The fallout continues over the LSU bond deal that was pulled last week after LSU President F. King Alexander irresponsibly threatened exigency. Brian Chappatta of Bloomberg has done outstanding reporting on the subject and yesterday he had more on the topic.

Here’s what we learned, it was the investors who pulled out the deal when Alexander began threatening exigency. They felt misled in the disclosures as to the true state of LSU’s finances.

Eaton Vance Management locked in an order to buy Louisiana State University bonds last week. The next day, the university said budget cuts may push it to file for the collegiate equivalent of bankruptcy.

“The minute the news came out we called and said ‘This is material information,’” said Tom Metzold, who helps oversee $25 billion as co-director of municipal investments in Boston. “Had you told me that in advance, we wouldn’t have bought that deal.”

Eaton Vance joined a buyers’ revolt that erupted after Louisiana State’s $114 million bond sale. The investors won: the university scrapped the deal after it had already been priced and allowed money managers to walk away, an unusual occurrence in the $3.6 trillion municipal market.

Or was it because LSU feared a Federal investigation for securities fraud?

The news surprised investors who had analyzed documents, circulated before the sale, that didn’t explicitly mention that possibility. The April 13 offering statement said “the university will examine all possible options to address potential reductions to state appropriations” in fiscal 2015-2016.

Fitch Ratings said in a report Tuesday that Louisiana State’s AA- credit rank, the fourth-highest, isn’t in immediate jeopardy, though it may fall depending on how the school deals with declining state funding.

“University budget adjustments that affect its financial position, reputation, or demand profile, to the extent they become necessary, could have negative rating implications,” the rating company said.
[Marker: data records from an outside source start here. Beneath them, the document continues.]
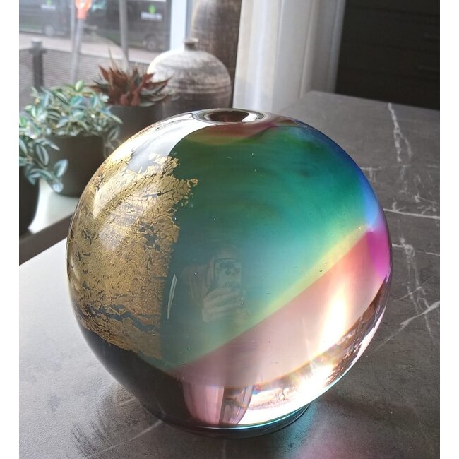 Wunderschöne Leerdam Serica, geblasen vom Meisterglasbläser Marco Lopulalan für Royal Leerdam Crystal. Die schwere Kristallkugel ist mit frischen Regenbogenfarben und echtem Blattgold verziert, was ihr einen besonders exklusiven Look verleiht.
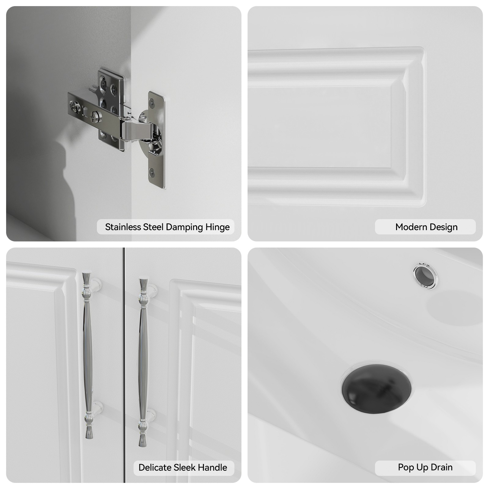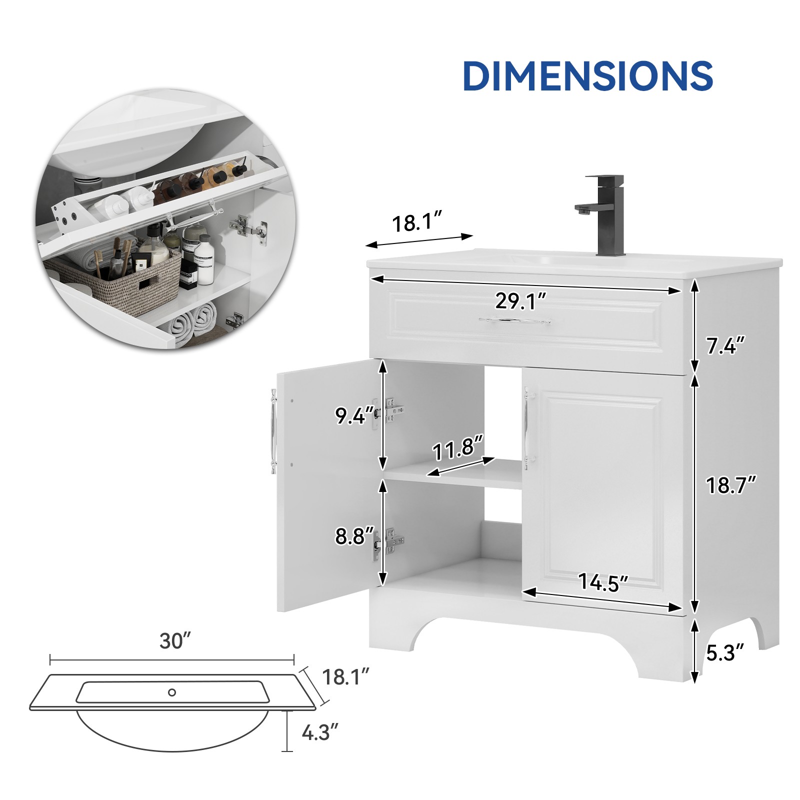 30 Inch Bathroom Vanity with Ceramic Sink - Soft-Close Doors Tip-Out Drawer
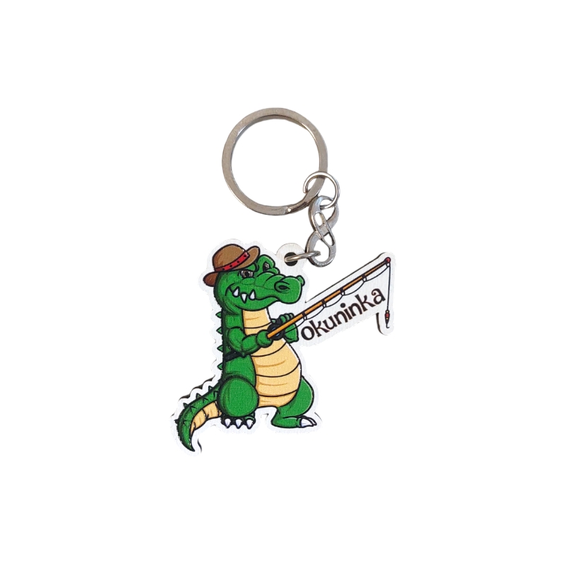 Brelok posiada także praktyczny element w postaci mocnego karabińczyka, dzięki któremu można łatwo przypiąć go do kluczy czy plecaka.
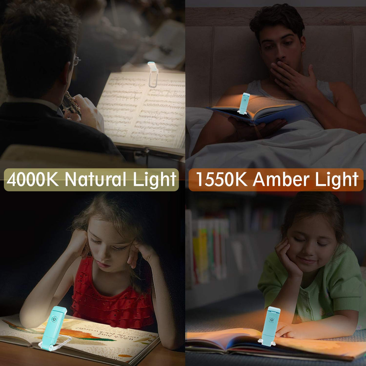 MORE DETAILS * --25 Lumens, one super bright LED, 4000K white daylight, 1550K amber light, 0.15W, 3.7V, 200mA, lifespan is 30000 hours. *-- Lamp Body ON/OFF Touch switch, also with brightness dimmer. *--The power light is blue when charging, once the charging is completed, the blue light is off, then you can remove the light to use. Fully charged takes 1.5 hours and battery runtime is 8 hours. *--The book light is very small and portable, great gift for book lovers, suitable for reading in bed or trips. Packing List - 1 x LED Clip reading light - 1 x User Manual
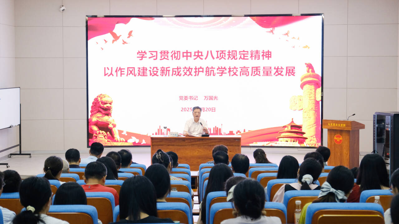 本网讯(记者 何建华)6月20日,校党委书记万国光在马克思主义学院以“学习贯彻中央八项规定精神 以作风建设新成效护航学校高质量发展”为题,讲授了一堂深刻而生动的党课。马克思主义学院、建筑工程学院及机关一支部教师共同聆听了此次课程。
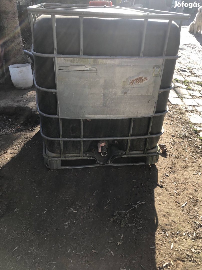 Eladó a képen látható műanyag 1 m3 - és tartály használt acél lábas keretben csappal és cca 4-5 m hosszú 5/4-és flexibilis műanyag csővel
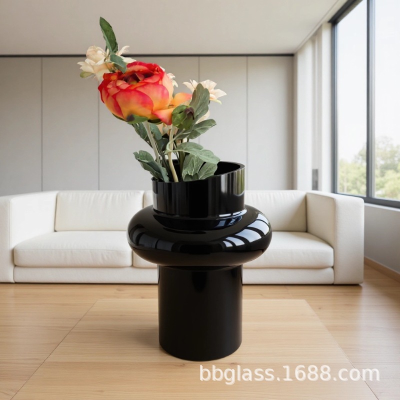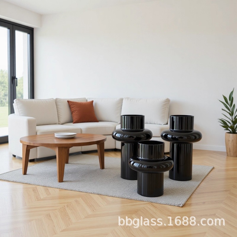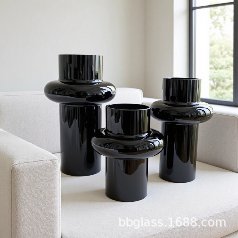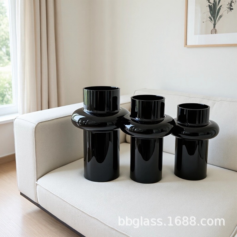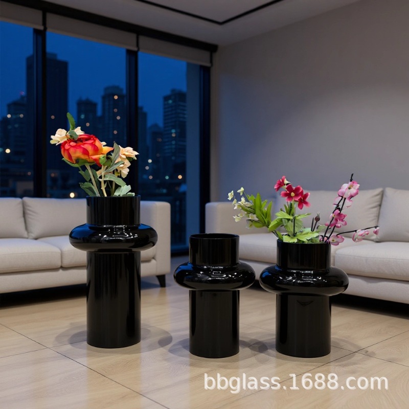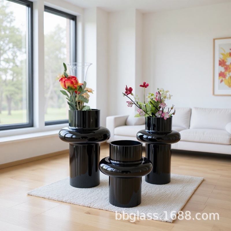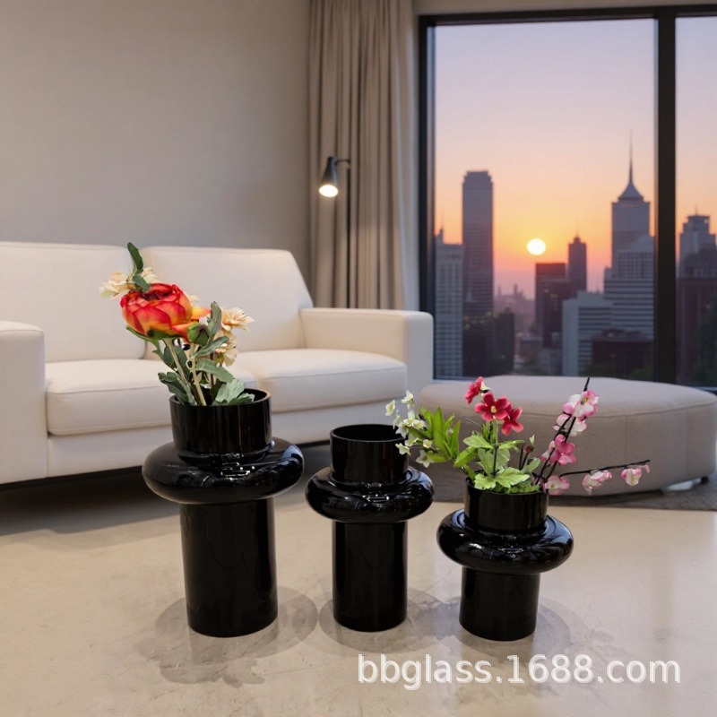 BBGLASS Baobei 유리 블랙 유리 꽃병 릴리 꽃병 장식품 거실 꽃 배열 유리 프리미엄 감각스토어 가기
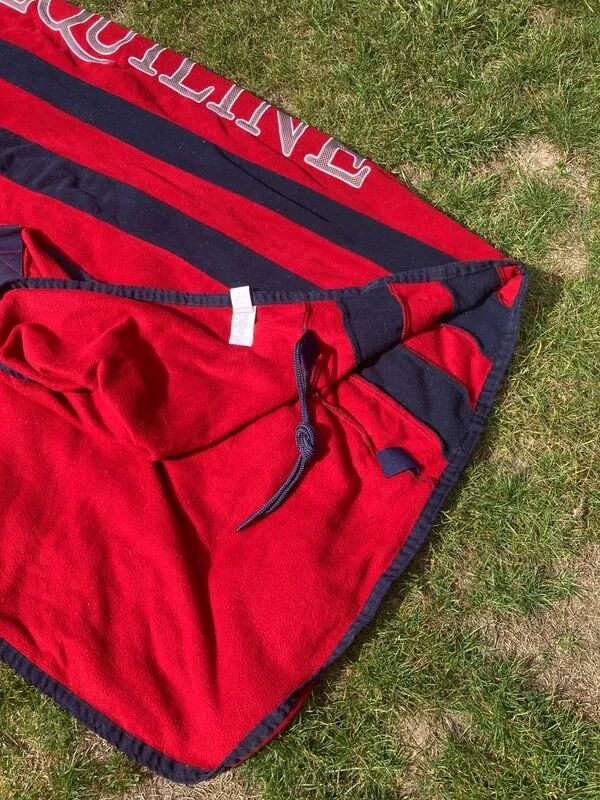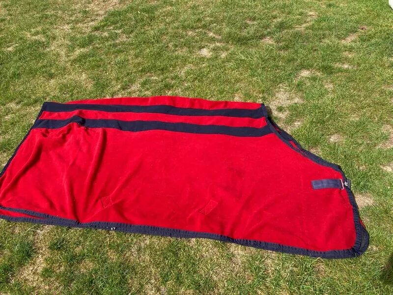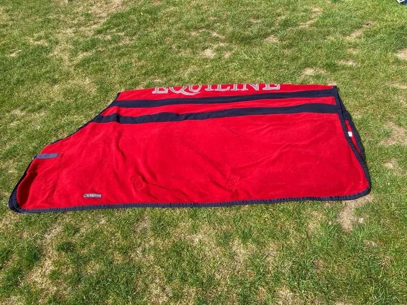 Couverture polaire de la marque Equiline, en taille L (correspondant à un 145 cm / 6'6). D'un rouge éclatant avec ses finitions bleu marine et le logo Equiline brodé, elle est idéale pour maintenir votre cheval au chaud après l'effort ou par temps frais. Elle est équipée d'une fermeture pratique à l'avant et permet l'ajout de sangles ventrales si besoin (non incluses).
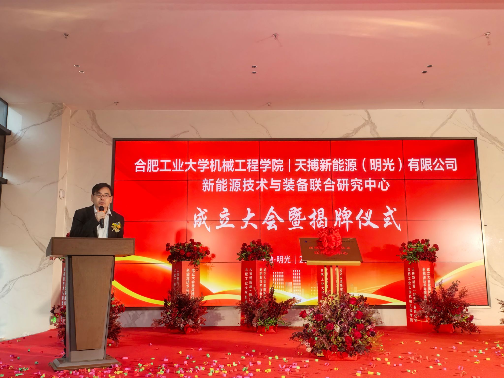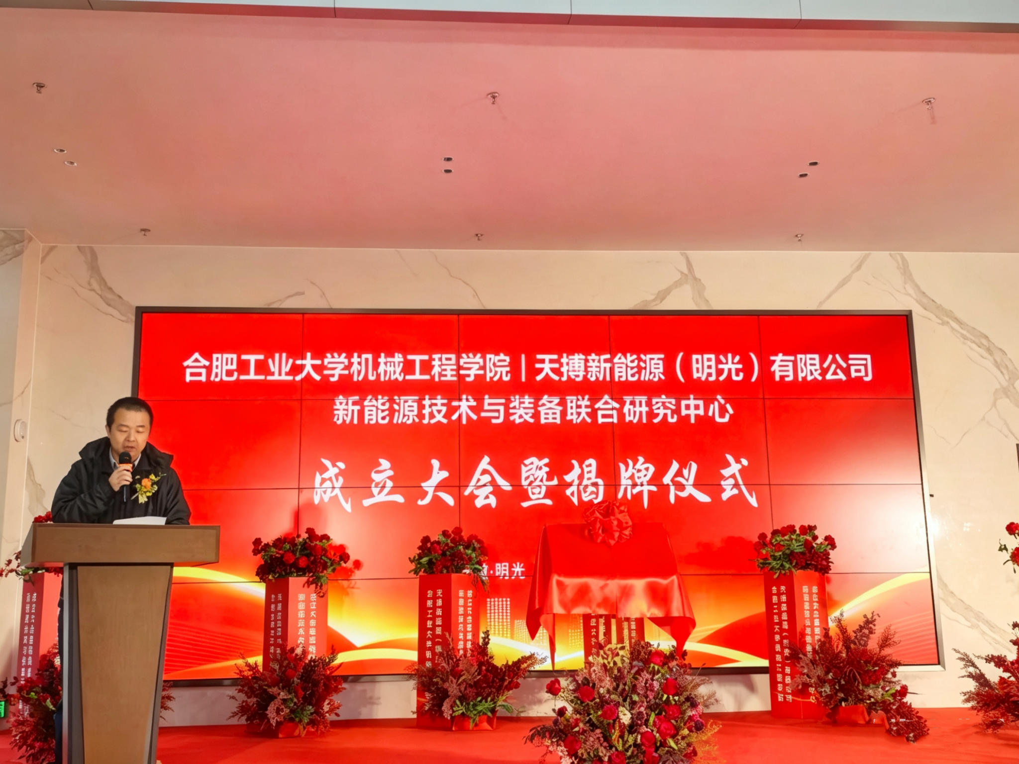 ——天搏新能源(明光)有限公司 “新能源技术与装备联合研究中心”揭牌仪式暨成立大会,在天搏新能源(明光)有限公司隆重举行。明光市政府副市长朱其昊、相关部门负责人,水果派解说

The U.S. Securities and Exchange Commission has ramped up efforts to crack down on municipal borrowers that fail to make sufficient disclosures to investors. Since the recession, the SEC has brought fraud cases against issuers including New Jersey and Illinois for making misleading financial statements.

The SEC doesn’t look too kindly upon bond issuers who don’t disclose things like a threat of bankruptcy. LSU pulled the bond whether than be subjected to SEC complaints and a resulting investigation that would’ve resulted in fines for the university.

Today, LSU students and faculty are set to march on the Capitol to protest cuts to higher ed. The march was called by LSU’s SGA and the Alumni Association. Maybe instead of marching on the Capitol, they should march on Alexander’s office and demand his resignation for putting the university at risk of a SEC investigation that would ruin its reputation on the bond market.